The extraction key is entirely absent until the document's status is extracted — while pending (and for unsupported or failed documents) the response contains only the top-level fields.

Status lifecycle

Every document starts as pending and settles into exactly one terminal state:

pending → extracted | unsupported | failed

Status Meaning
pending The document is queued or being processed. Keep polling.
extracted Extraction succeeded. The response now includes the extraction object.
unsupported The file could not be processed for extraction (for example, an image under 4 KB). Terminal.
failed Extraction was attempted but did not succeed. Terminal.

Most documents are extracted within a couple of minutes. A polling interval of 15–30 seconds with a sensible timeout works well.

The extraction object

Present only when status is extracted. Monetary values are decimal strings (for example "100.00"), timestamps are ISO 8601, and dates are YYYY-MM-DD. Any field the extractor could not determine is null.

Field Type Description
document_type string One of invoice, receipt, credit_note, statement, other.
company_name string The issuing company as read from the document.
currency string Three-letter ISO 4217 currency code, e.g. GBP.
subtotal decimal string Amount before tax and shipping.
tax_amount decimal string Total tax on the document.
shipping decimal string Shipping or delivery charge.
total decimal string The grand total.
invoice_due_date date Payment due date, YYYY-MM-DD.
extracted_at datetime When extraction completed, ISO 8601.

Errors

Errors are returned as JSON with a human-readable message. Validation errors additionally include an errors object keyed by field name.

Status Meaning
401 Missing, invalid, or expired API key.
403 The key is no longer valid for the organisation — for example, its issuer is no longer a Super Admin.
404 The document does not exist or belongs to another organisation.
422 Validation failed — a missing file, an unsupported type, an oversized file, or a field over 255 characters.
429 Rate limit exceeded. Wait for the number of seconds in the Retry-After header and retry.

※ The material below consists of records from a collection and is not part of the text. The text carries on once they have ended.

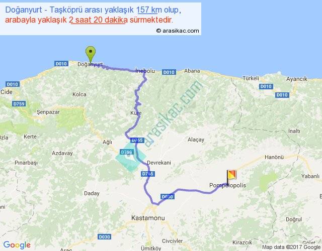 Doğanyurt - Taşköprü arası yaklaşık olarak 90 km/h ile yukarıda belirtilen sürede olup, iki yerin kuş uçuşu uzaklığı (mesafesi) 83'dir. Yolculuk otobüsle 3 saat 5 dakika sürmektedir.
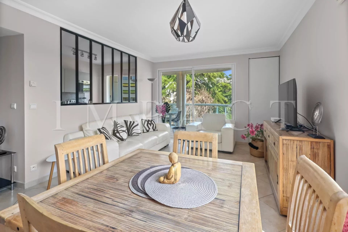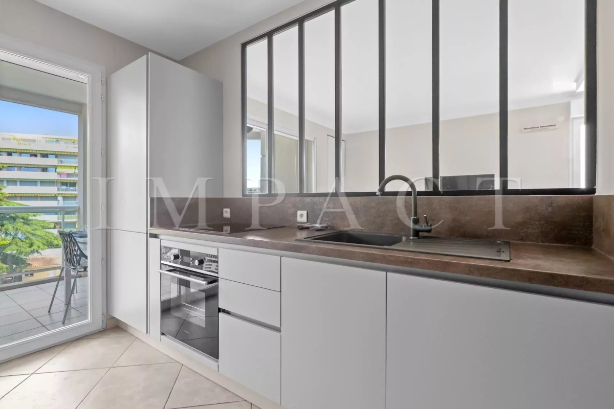Superb renovated T3 with terraces - 3 min from the Croisette! Welcome to this magnificent, fully renovated 3-room apartment, ideally located at the Gabres traffic circle in Cannes. Just a 3-minute walk from the Croisette and 12 minutes from the Palais des Festivals, you'll enjoy an exceptional location, both central and quiet. With a surface area of 70 m², this bright and comfortable apartment comprises : A spacious living room with lounge and dining area, opening onto a 15 m² south-east-facing terrace, perfect for enjoying the morning sun. A semi-open kitchen, fully equipped, functional and convivial. Two en suite bedrooms, each with its own private shower room, offering comfort and privacy to all occupants. An independent guest toilet at the entrance. The apartment is located in a quiet, secure residence, ideal for a relaxing stay, yet within easy reach of beaches, luxury boutiques, restaurants and Cannes entertainment. Whether you're coming for vacation, a conference or a business trip, this property combines strategic location, modern comfort and quality of life. Other amenities : Air conditioning, Wi-Fi connection. Contact: +33658186330.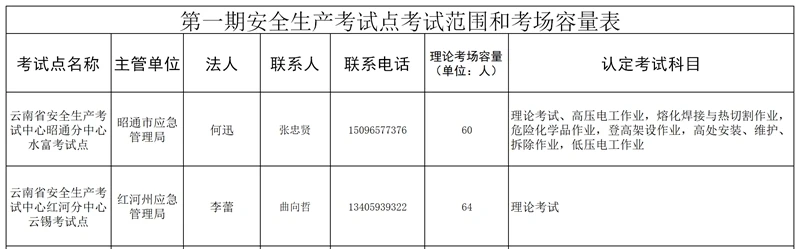 根据《云南省应急管理厅关于进一步加强安全生产考试机构管理工作的通知》(云应急办〔2021〕8号)和有关规定,经省应急厅组织专家现场核查,对云南省安全生产考试中心昭通分中心水富考试点、云南省安全生产考试中心红河分中心云锡考试点予以公示,接受社会监督。公示期为2022年1月20日至2022年1月27日(法定节假日除外)。公示期间,如有异议,可通过电话、传真、电子邮件、信函等形式向省应急管理厅反映(信函以邮戳为准)。以单位名义反映情况的材料须加盖单位公章,以个人名义反映情况的材料应署实名并提供有效联系方式。

Example error 422 Unprocessable Content

{
    "message": "The file field is required.",
    "errors": {
        "file": [
            "The file field is required."
        ]
    }
}

Rate limits

Each API key may make up to 60 requests per minute. Every response includes the standard rate-limit headers:

X-RateLimit-Limit: 60
X-RateLimit-Remaining: 42

When the limit is exceeded, the API responds with 429 Too Many Requests, a JSON message, and a Retry-After header telling you how many seconds to wait before retrying.